Australia's ambassador to the United States, Kim Beazley, had to scramble in the 48 hours before the Abbott government's announcement that it had blocked Archer Daniels Midland's $3.4 billion takeover of GrainCorp.
He had to deliver on a commitment in Australia's free trade agreement with America that the US government be given the opportunity to directly discuss potential takeover bans.
An exchange of letters between the Howard government and the US government in 2004 that is part of the free trade agreement states that if a proposed US investment raises "serious concerns" that could result in it being blocked, modified or unwound, the Australian government will "inform the government of the United States of the reasons ... [and] provide the US government an opportunity to consult with the government of Australia on the matter".
Beazley was mobilised late because the government was only alerted to the 2004 commitment last week. Sources say that he satisfied the conditions of the trade agreement side deal.
GrainCorp's shareholders were in the dark as the high-level contact occurred and on Friday they bore the burden of Treasurer Joe Hockey's decision to kill the bid.
The Australian group's shares were trading at $8.70 before ADM offered $11.75 a share in October last year. ADM finally offered $13.20 a share, a 50 per cent premium. GrainCorp's shares fell to a low of $8.26 on Friday after the bid was rejected and were 22 per cent down at $8.72 as trading drew to a close, in line with their price before ADM turned up.
Hockey also says that although he is blocking a full takeover of GrainCorp by ADM it is welcome as an industry participant and that he is "inclined" to allow the group to build the 19.9 per cent stake in GrainCorp it acquired on-market during its offer to 24.9 per cent.
That would occur on-market: after blocking a bid that contained a huge control premium, the Treasurer is, in other words, now ready to let ADM move to a position of influence without paying a premium at all.
The Australian dollar slipped by about a half a US cent on Hockey's announcement, but there won't be a general market selloff. Selloffs were predicted when Peter Costello vetoed Shell's takeover of Woodside in 2001 and when Wayne Swan blocked the Singapore Stock Exchange's takeover of the ASX in 2011, and they also failed to materialise.
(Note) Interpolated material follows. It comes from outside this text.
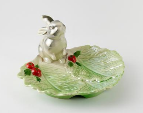 This beautiful Wembley Ware platter of green lettuce leaves, red tomotoes and a grey rabbit has been finished with a lustre glaze. This plate belonged to the Viska family of Floreat Park, and who used it on occasions.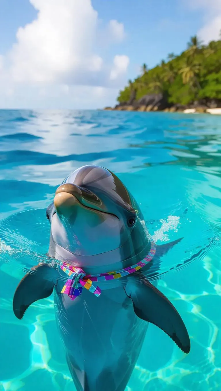 A lively dolphin frolics in the azure waters of the Seychelles, its sleek body glowing in the afternoon light. The dolphin has a playful scarf tied around its fin, flapping joyfully. Nearby, schools of tiny neon fish and intricate coral sculptures offer a vivid display. In the distance, a lush island peeks through the clear sky, inviting exploration.

The cases for blocking the Woodside and ASX takeovers on national interest grounds were fairly clear, however.
Shell was developing other liquefied natural gas projects in the region. If it owned Woodside, Australia's North-West Shelf LNG project might have been delayed and other projects given priority. A takeover of the ASX would have put one of Australia's key platforms for mobilising capital into the hands of the operator of a competing capital market and regulators were unsure about the impact on the financial system.
ADM did itself no favours by being a late mover. Two overseas bids for local grain handlers had already been waved through and the GrainCorp takeover would have doubled foreign ownership of the industry to about 70 per cent.
The national interest case that Hockey offered up on Friday was, however, less conclusive than the ones Costello and Swan made. It was also politically loaded because elements of the Coalition, including the Nationals and some country-based Liberal MPs, wanted the deal blocked. International investors may be more cautious as a result - less certain about what future decisions will be.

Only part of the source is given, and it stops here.